You should use Zstandard for log file compression
(Never heard of Zstandard? Read this after looking at my fancy charts.)
We ship our logs to a popular log analysis tool that provides a web interface and cool data mangling tools, but we also store plaintext copies that we occasionally need to refer to. Logs used to be archived on individual servers, but during a recent architecture shift we set up a centralised aggregation service to preserve logs from ephemeral instances. Centralising log storage also centralises log processing, and the choice of compression tool matters a lot more than it used to when compression and decompression were done in parallel across a whole fleet of machines.

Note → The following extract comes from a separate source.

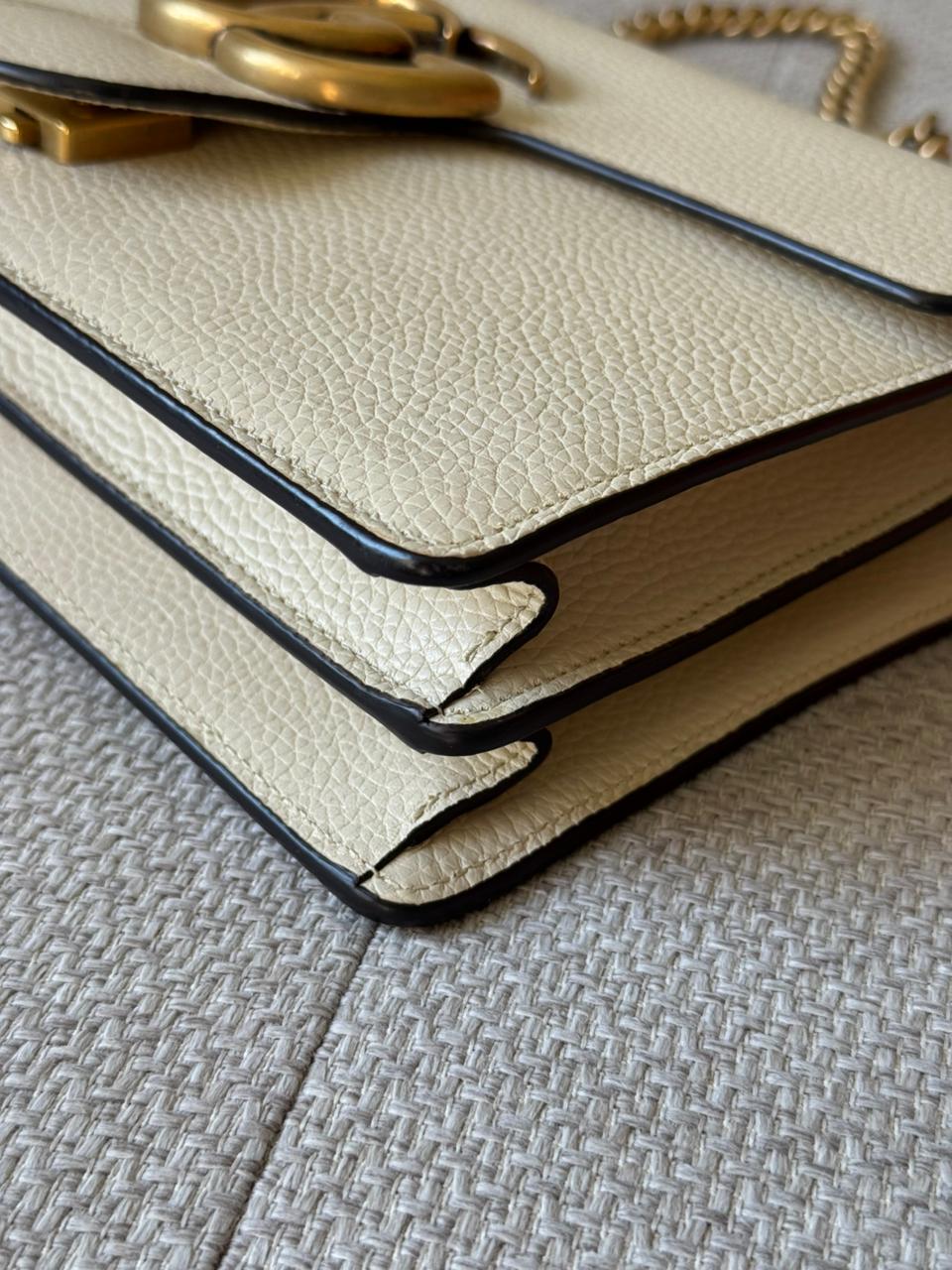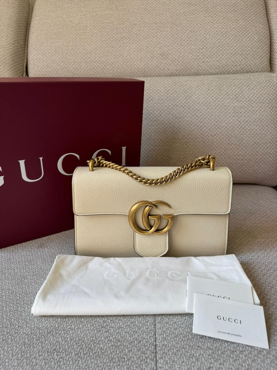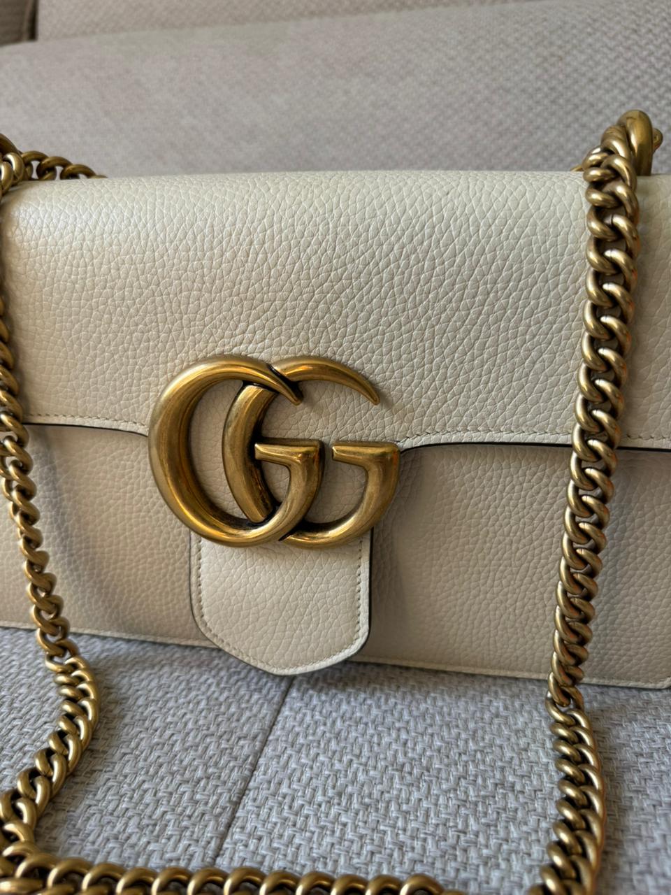 A sophisticated blend of modern elegance and signature design, the GG Marmont Medium Chain Handle bag is a timeless piece from Gucci. Crafted from smooth calfskin leather in a refined Mystic White shade, it is defined by the iconic Double G hardware and softly structured silhouette. With its top handle and chain strap combination, this piece transitions effortlessly from day to evening, offering both elegance and versatility.

I noticed that operations were taking a lot longer than we’d like, so I took a random log file from one machine (slightly under 8 GiB uncompressed) and ran some tests to see if we could find a better tool.
If you’re looking through large log files with any regularity, you
can stop reading here. zstd
is the clear winner, requiring a mere
37% of the time that its closest competitor did. (There’s also a
clear loser: I left bzip2
off of these charts because I didn’t
like how small it made the other bars.)
Decompression speed is only one third of the puzzle, you say? Well, you’re right.
The venerable gzip
has had a good run, but zstd
is both faster
and produces smaller files. zstd
at its default level (zstd -3
)
takes 1.5 minutes to compress this file to 688 MiB. xz
can put out a
smaller file (xz -6
, left off of this chart, will get it down to 497
MiB in a mere 36 minutes), but bumping up the zstd
level gets within
shouting distance of reasonable xz
levels in considerably less time,
while retaining the advantage of fast decompression.
I’m going to move to Zstandard for log compression, and you should too.